Exercise details:
Could you return all of the entries word for word, minus any pictures?

*** Information provided

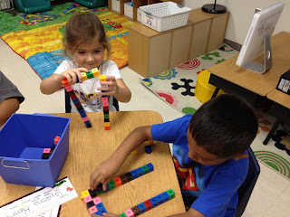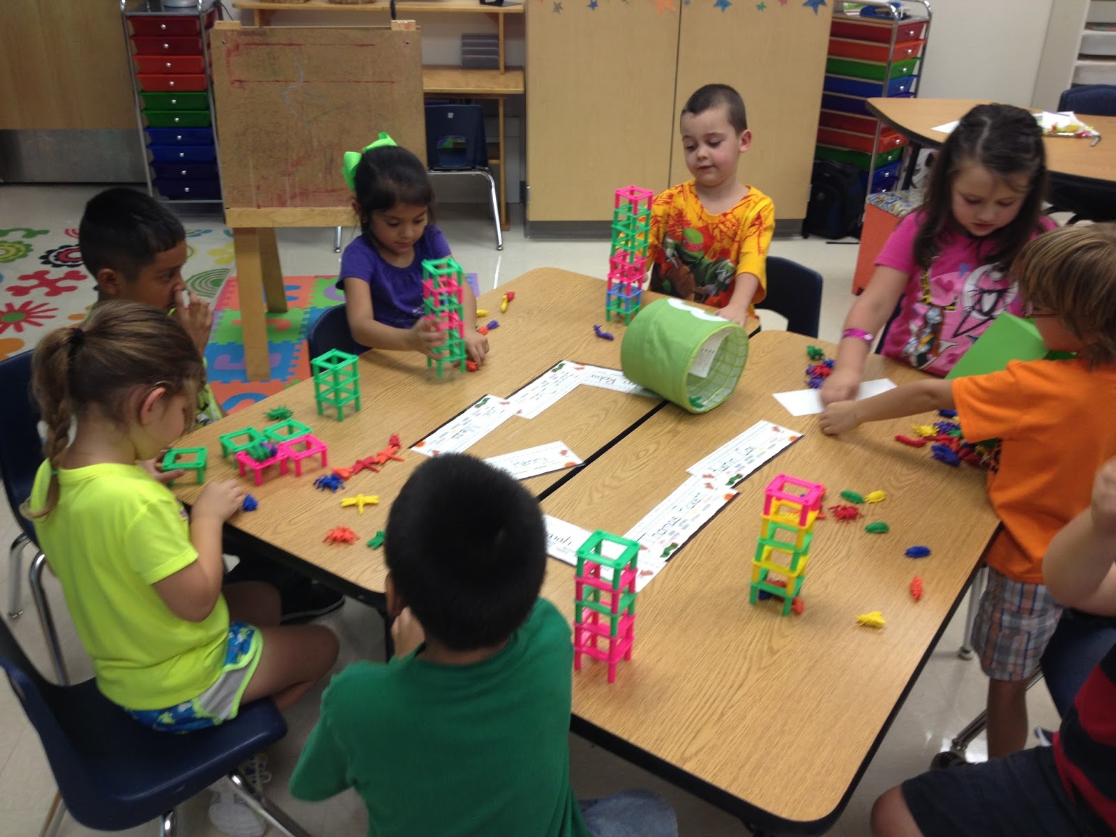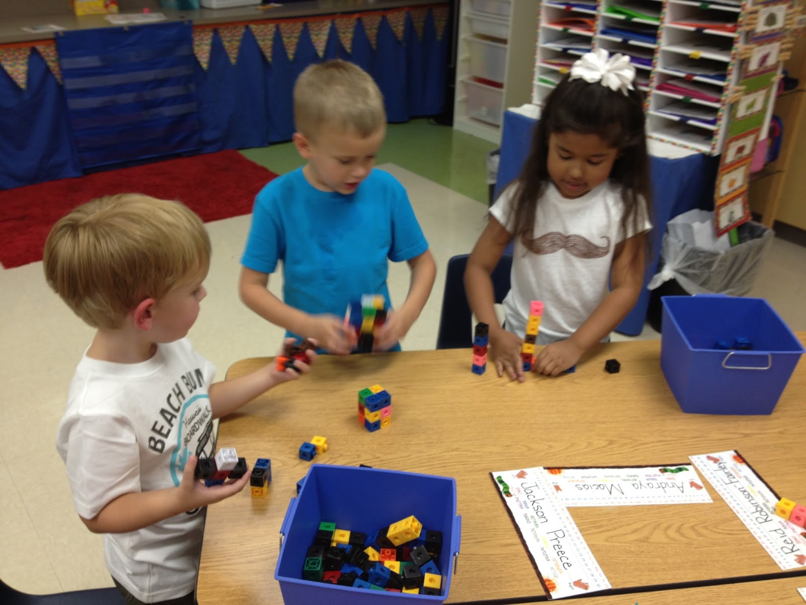 We did lots of exploring at table centers and the kids loved getting to “play” with the different manipulatives. We started doing one table center at a time with other activities in between. By the end of the week we were using the timer, completing the center, cleaning up and switching to a new table center. It was great fun!
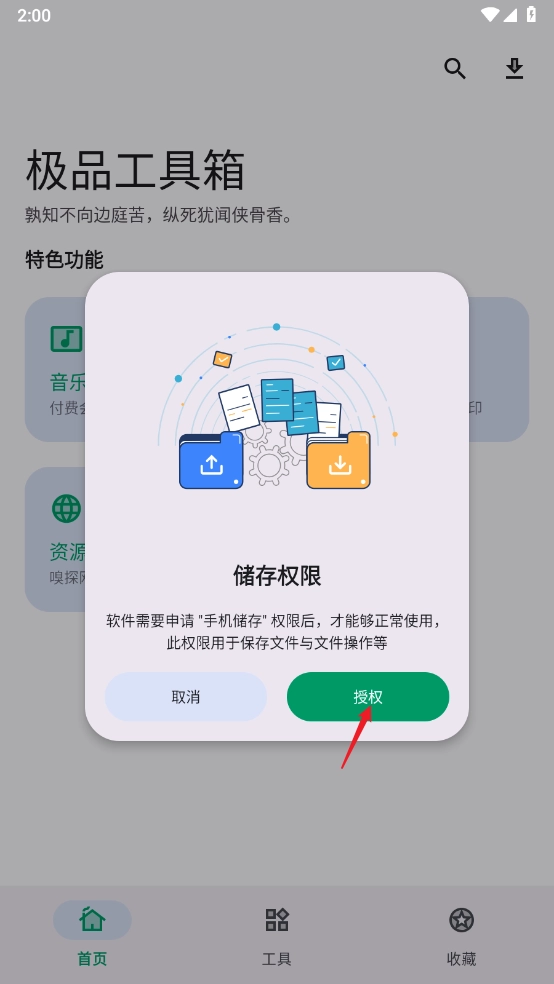 先在本站完成软件安装,随后点击“授权”按钮,允许授予相关权限以进行访问。
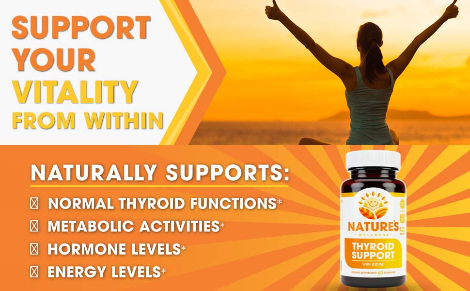 Natures Wellness Market Thyroid Support supplement is the most effective choice for combating hypothyroidism in both men and women. Helping thyroid functions in weight loss, improved energy, and daily fatigue. This thyroid supplement acts as an assistant for your thyroid, helping support an increased immune system, metabolism, and weight loss.
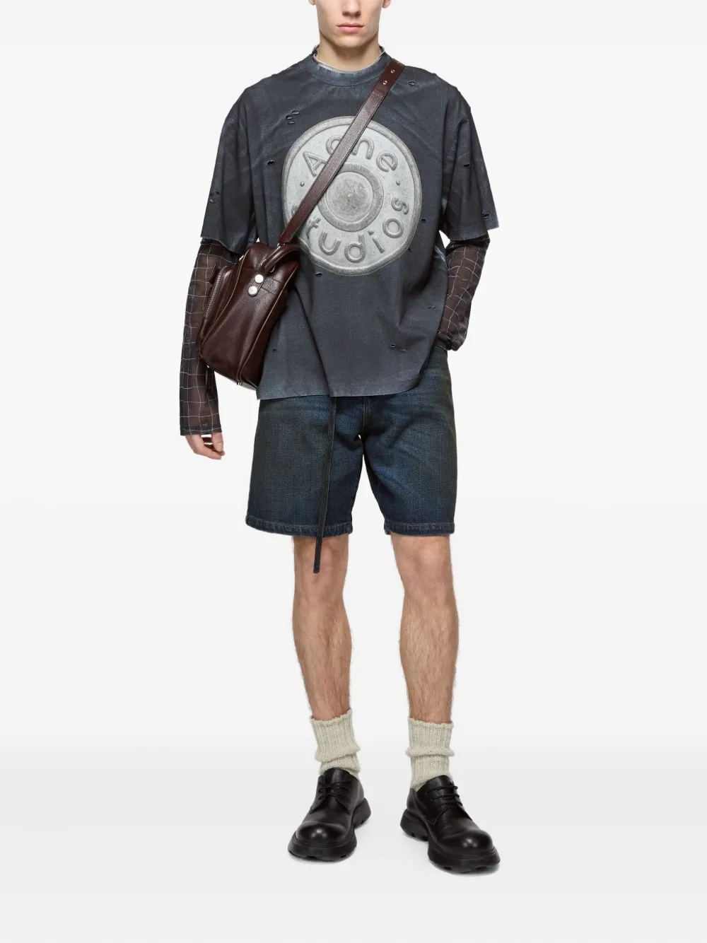Футболка с потертым логотипом Acne Studios, черный
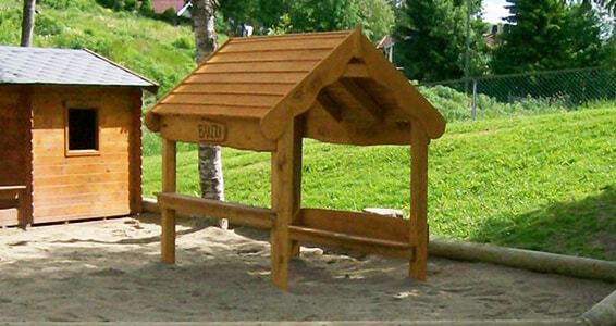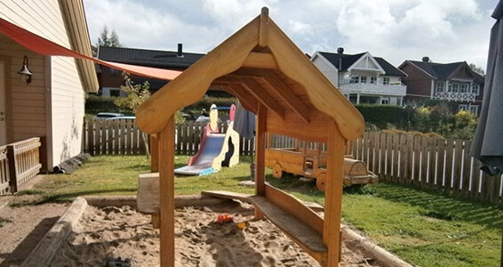 - Et anderledes træ legehus til sandleg.
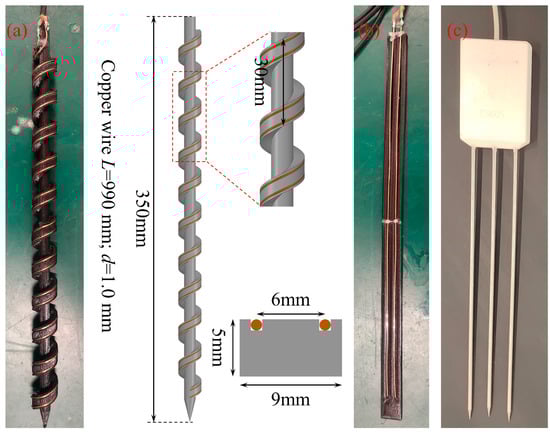 It should be mentioned that the probe design parameters were determined based on comprehensive considerations of measuring accuracy, ease of installation, and fabrication. Although increasing the space between the helical blades will improve probe’s drivability into hard soils, it reduces measuring accuracy as a result of affecting the total wire length. The distance between two wires was determined based on the electric properties of the testing media and needs to be adjusted for future larger probes used in field conditions. A dual-wire configuration was adopted with two bare copper wires wound in parallel. Each wire is 960 mm long and 1.0 mm in diameter. The diameter of the rod was designed to balance structural strength for installation and the minimization of skin effect for soil disturbance. The spiral probe was compared with two other types of probes, i.e., a conventional dual-rod probe with the same wire configurations and a commercial three-rod probe, as is shown in Figure 4.

******

Finished task:
 We did lots of exploring at table centers and the kids loved getting to “play” with the different manipulatives. We started doing one table center at a time with other activities in between. By the end of the week we were using the timer, completing the center, cleaning up and switching to a new table center. It was great fun!
 先在本站完成软件安装,随后点击“授权”按钮,允许授予相关权限以进行访问。
 Natures Wellness Market Thyroid Support supplement is the most effective choice for combating hypothyroidism in both men and women. Helping thyroid functions in weight loss, improved energy, and daily fatigue. This thyroid supplement acts as an assistant for your thyroid, helping support an increased immune system, metabolism, and weight loss.
Футболка с потертым логотипом Acne Studios, черный
 - Et anderledes træ legehus til sandleg.
 It should be mentioned that the probe design parameters were determined based on comprehensive considerations of measuring accuracy, ease of installation, and fabrication. Although increasing the space between the helical blades will improve probe’s drivability into hard soils, it reduces measuring accuracy as a result of affecting the total wire length. The distance between two wires was determined based on the electric properties of the testing media and needs to be adjusted for future larger probes used in field conditions. A dual-wire configuration was adopted with two bare copper wires wound in parallel. Each wire is 960 mm long and 1.0 mm in diameter. The diameter of the rod was designed to balance structural strength for installation and the minimization of skin effect for soil disturbance. The spiral probe was compared with two other types of probes, i.e., a conventional dual-rod probe with the same wire configurations and a commercial three-rod probe, as is shown in Figure 4.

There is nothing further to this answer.